European regulator widens probe into $6.4-bn UPS-TNT deal
21 Jul 2012
The European antitrust regulator has broadened its investigation into United Parcel Service's (UPS) €5.2-billion ($6.4 billion) proposed takeover of its Dutch rival TNT Express, on concerns that the merged company would corner a large market share in Europe.
After the European Commission (EC) launched a preliminary review last month, UPS yesterday said it expects the regulator to start a Phase II investigation into the deal.
The Atlanta-based company said that it does expect the deal to be completed by the end of the initial offer period, and will extend the offer period beyond 31 August 2012.

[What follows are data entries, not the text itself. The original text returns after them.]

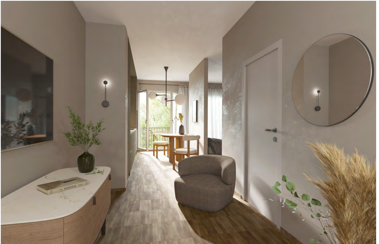
Computer Generated Images are intended for illustrative purposes only.

Over the past few years the area has seen vast expansion, the most notable is Mediaspree. A 3.7-kilometre-long development along the river bank, a collection of residential spaces and offices aimed at attracting global media, Tech & start-ups. Big names such as Amazon, Daimler, Universal Music, and WeWork have already set up offices. The Mercedes Benz Arena is also a resident, a multi purpose venue which can host up to 17,000 people. CEO of SIGNA named the area “a symbol of the favourable economic developments that Berlin has undergone in the past several years. It is currently considered one of the most sought-after office locations in Berlin.” Mediaspree is a clear boost to the economy of Friedrichshain which is only going to continue to grow.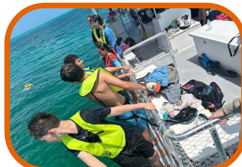
Students jumping off the side of the boat.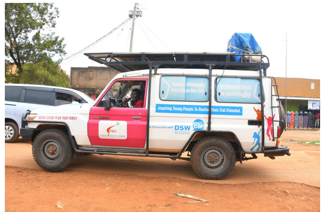
Youth Truck mobilization for community health outreach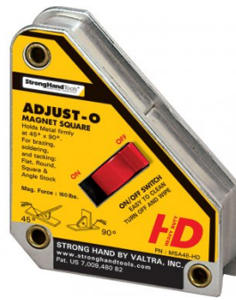
W1006 Adjust-O Magnet Square - Heavy Duty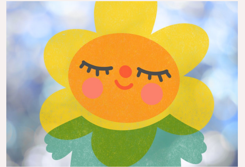
2 Affect & Spaces/Places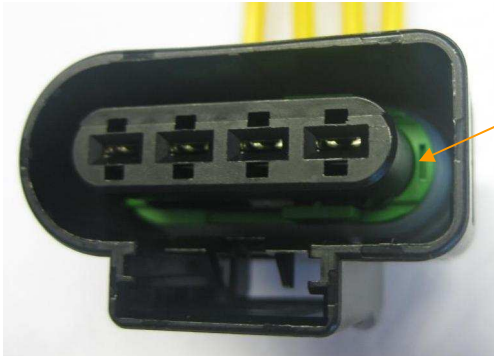
Figure 2: Retainer closed: (shifting length: 3.0mm)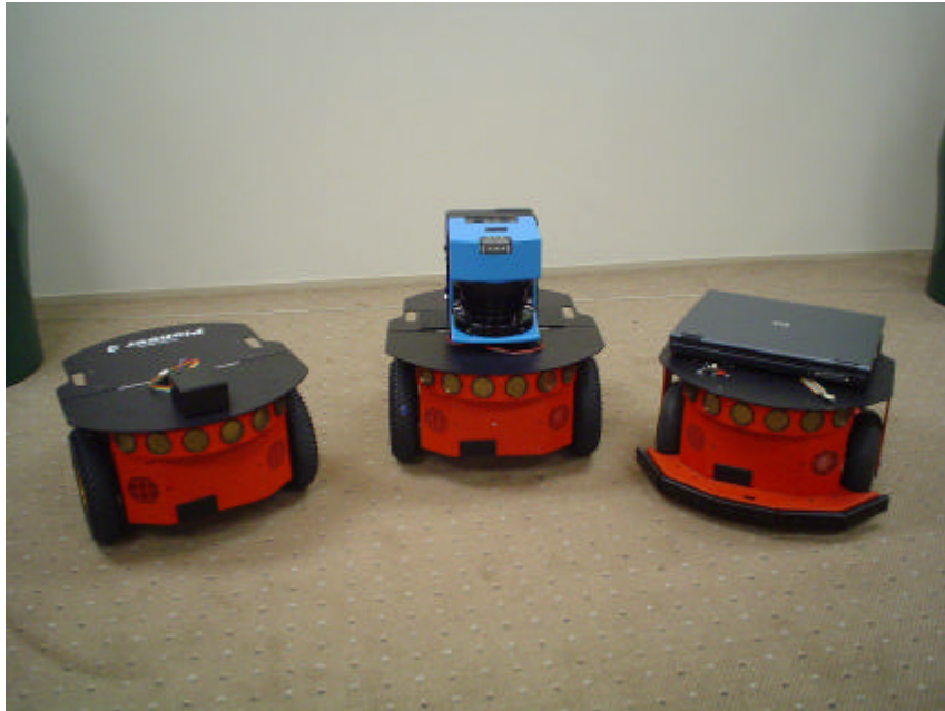
Figure 1: The three Pioneer robots used for the course. Each is equipped with eight sonar sensors, the one in the middle has an additional laser range finder.

As mentioned before, contests are a popular means of keeping students interested, which is why we decided to have a competition between the three groups at the end of the course. To encourage the students to become creative, we tried not to restrict what they could do but, at the same time, it is important to give them a task that is actually solvable within the tight time-frame. Our final choice is to have a robot dancing contest. The aim was to provide an opportunity to apply the knowledge on robotics that they gained during the course in a single application, and encourage them to become creative and have fun. Each group chose a song for the dance performance, and programmed the robot to move synchronously to the music, being allowed to move only within a pre-defined region of the dance floor. The competition was held at the school, which organised an open day and invited the parents and classmates to attend the function. The judges for the competition were the dean of our faculty and the school's principal.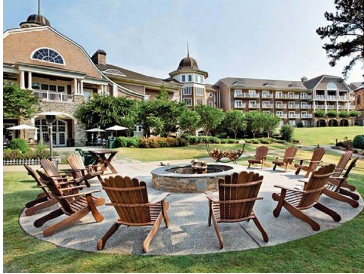
Ritz-Carlton at RLO

Built on the shores of a massive man-made lake halfway between Atlanta and Augusta in Georgia, Reynolds Lake Oconee is blessed with a beautiful natural setting where almost anything would be a pleasure. Fortunately, golf has been a big part of the plan from the start at RLO. The resort offers comfortable cabins and houses for rent but live a little and stay at the Ritz-Carlton hotel on the property. Before you go out to play, stop by the Reynolds Kingdom of Golf presented by TaylorMade, an equipment and practice mecca where you could find guys like Justin Rose or Jason Day tweaking their driver or working on their swing in the bay next to you.

In March, UPS, the world's largest package delivery and logistics company offered to buy TNT Express, after raising its bid for €10 per share or $6.4 billion, raising it to $6.85 billion (See: UPS to acquire European rival TNT Express for $6.85 billion).

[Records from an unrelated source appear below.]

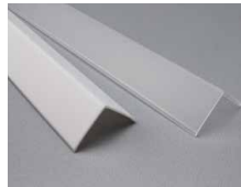
White square lens (WHS) Frosted square lens (FRS)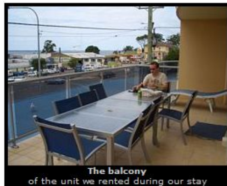
The balcony of the unit we rented during our stay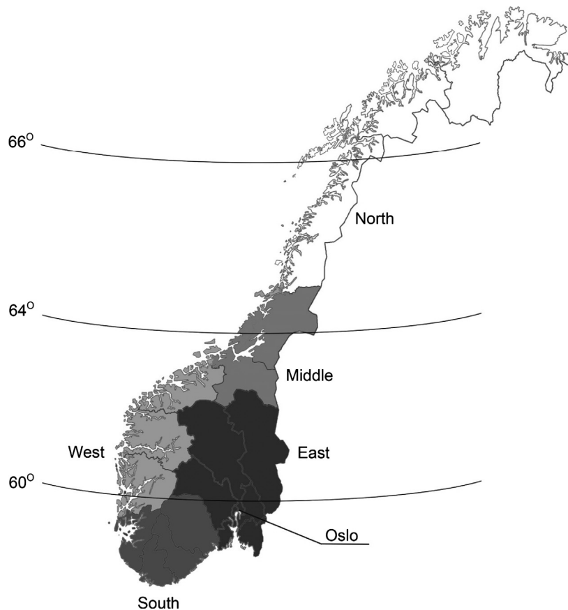
Figure 1. Map of Norway, illustrating the position of the five geographical regions; South, East, West, Middle, and North.

2011 and the rate was higher in males than in females during the entire study period (Table 1). However, the age-specific rate for the age group 30–49 years was higher in females than in males after about 2000. The increase in the SCC incidence rate was almost linear over time in both sexes. APC was 5.6% (95% CI 4.5, 7.3) in females and 3.3% (95% CI 1.3, 5.3) in males. An increase in SCC incidence rate was seen in all age groups over 30 years of age, but the most striking increase was observed in the age group 70–79 years.

The potential acquisition would be UPS's largest in its 105-year history after it purchased Overnite Corp in 2005 for $1.2 billion.

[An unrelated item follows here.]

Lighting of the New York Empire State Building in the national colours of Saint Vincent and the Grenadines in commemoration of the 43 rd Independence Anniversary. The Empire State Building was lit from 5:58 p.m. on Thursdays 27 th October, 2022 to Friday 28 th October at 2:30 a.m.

Buying the Hoofddorp, Netherlands-based company, will give UPS a stronghold in Europe, China, Russia, Brazil and India, most of which have high growth potential. It would put UPS on par with Europe's market leader DHL- a unit of Germany's Deutsche Post AG.
TNT Express holds an 18-per cent market share in Europe, while UPS holds 10 per cent, bring the combined stake to 28 per cent - more than DHL's 15-per cent.
Deutsche Post has already said that the deal would create a powerhouse in Europe's small package delivery sector's limited market, mainly in the UK.
"The small package delivery sector is of strategic importance for various other industries in Europe," said Joaquín Almunia, the EC's vice president in charge of competition policy.